MATERIALS PROVIDED:
===============

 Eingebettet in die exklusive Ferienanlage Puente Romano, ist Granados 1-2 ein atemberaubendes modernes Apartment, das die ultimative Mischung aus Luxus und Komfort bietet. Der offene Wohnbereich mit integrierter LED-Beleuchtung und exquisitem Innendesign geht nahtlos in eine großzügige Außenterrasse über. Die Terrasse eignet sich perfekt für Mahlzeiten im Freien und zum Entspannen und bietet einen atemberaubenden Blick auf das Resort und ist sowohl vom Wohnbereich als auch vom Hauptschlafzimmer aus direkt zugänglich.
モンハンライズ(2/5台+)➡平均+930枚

===============

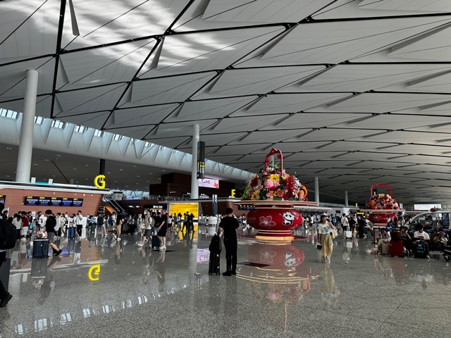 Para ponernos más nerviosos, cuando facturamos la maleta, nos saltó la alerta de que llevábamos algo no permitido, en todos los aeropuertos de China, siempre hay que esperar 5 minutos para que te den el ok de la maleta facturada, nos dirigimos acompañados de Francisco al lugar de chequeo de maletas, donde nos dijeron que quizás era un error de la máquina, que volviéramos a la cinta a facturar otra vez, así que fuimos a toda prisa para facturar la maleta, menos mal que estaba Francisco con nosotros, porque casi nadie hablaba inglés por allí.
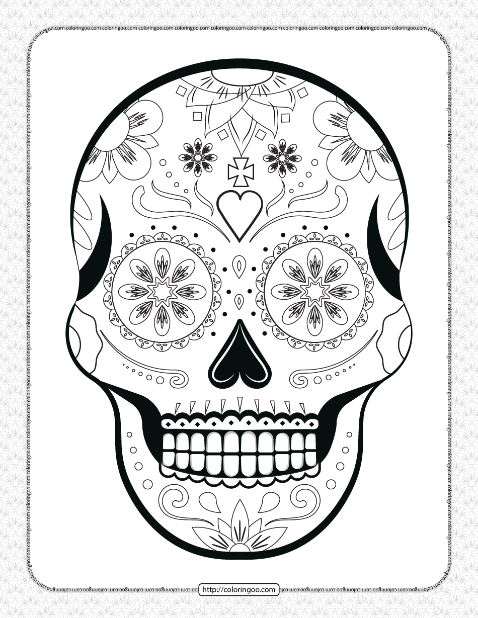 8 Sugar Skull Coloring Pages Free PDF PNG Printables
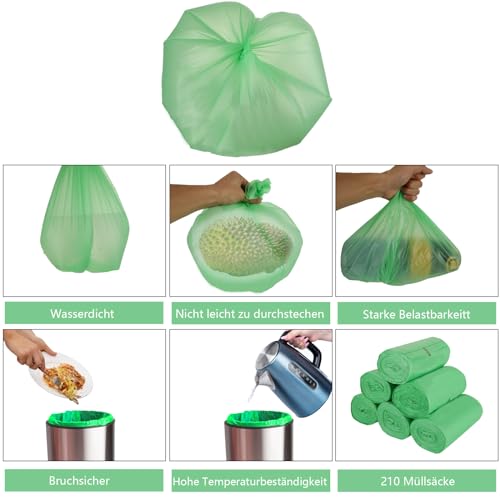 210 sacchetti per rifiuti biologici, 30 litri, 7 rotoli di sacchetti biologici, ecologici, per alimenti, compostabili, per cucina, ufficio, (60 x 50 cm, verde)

===============

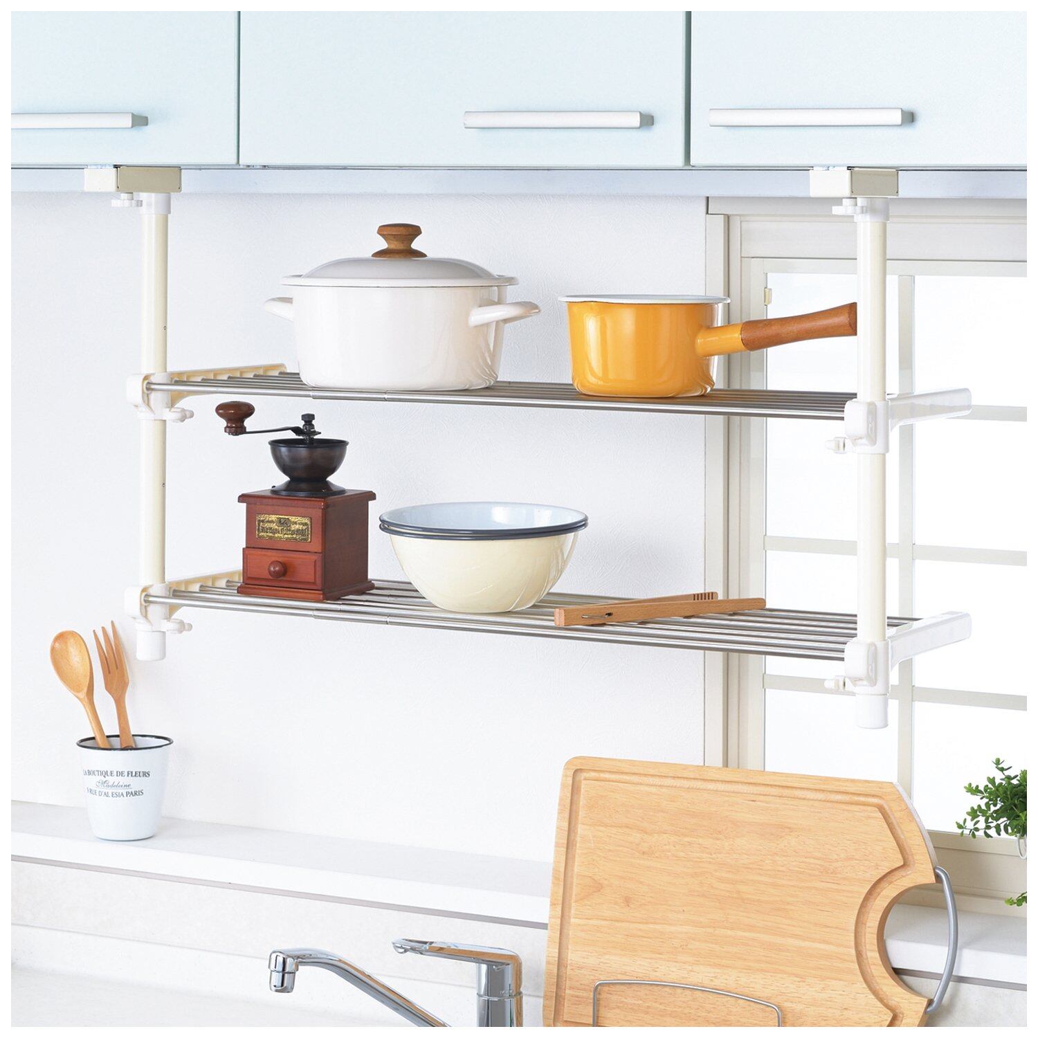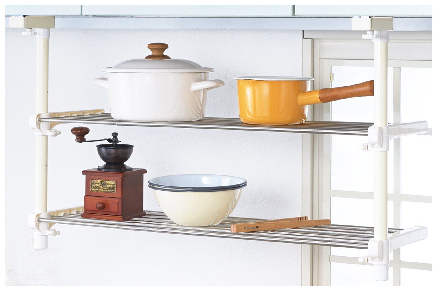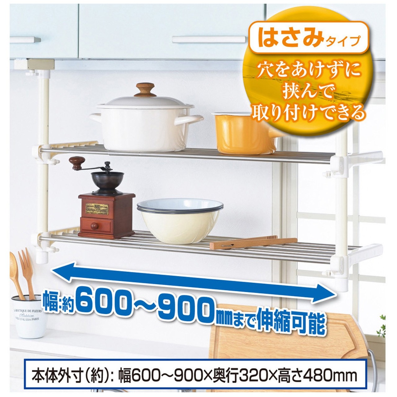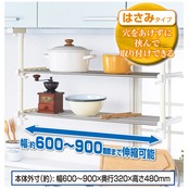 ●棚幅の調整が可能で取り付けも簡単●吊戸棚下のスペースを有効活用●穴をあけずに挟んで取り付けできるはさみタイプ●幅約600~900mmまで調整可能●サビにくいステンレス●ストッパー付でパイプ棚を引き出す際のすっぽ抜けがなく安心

===============

WORK ITEM: Using the entries above, give again exactly the lines from the line holding "Eingebettet in die" through the line holding "モンハンライズ(2/5台+)➡平均+930枚". Include both end lines and nothing else.

WORKED SOLUTION:
 Eingebettet in die exklusive Ferienanlage Puente Romano, ist Granados 1-2 ein atemberaubendes modernes Apartment, das die ultimative Mischung aus Luxus und Komfort bietet. Der offene Wohnbereich mit integrierter LED-Beleuchtung und exquisitem Innendesign geht nahtlos in eine großzügige Außenterrasse über. Die Terrasse eignet sich perfekt für Mahlzeiten im Freien und zum Entspannen und bietet einen atemberaubenden Blick auf das Resort und ist sowohl vom Wohnbereich als auch vom Hauptschlafzimmer aus direkt zugänglich.
モンハンライズ(2/5台+)➡平均+930枚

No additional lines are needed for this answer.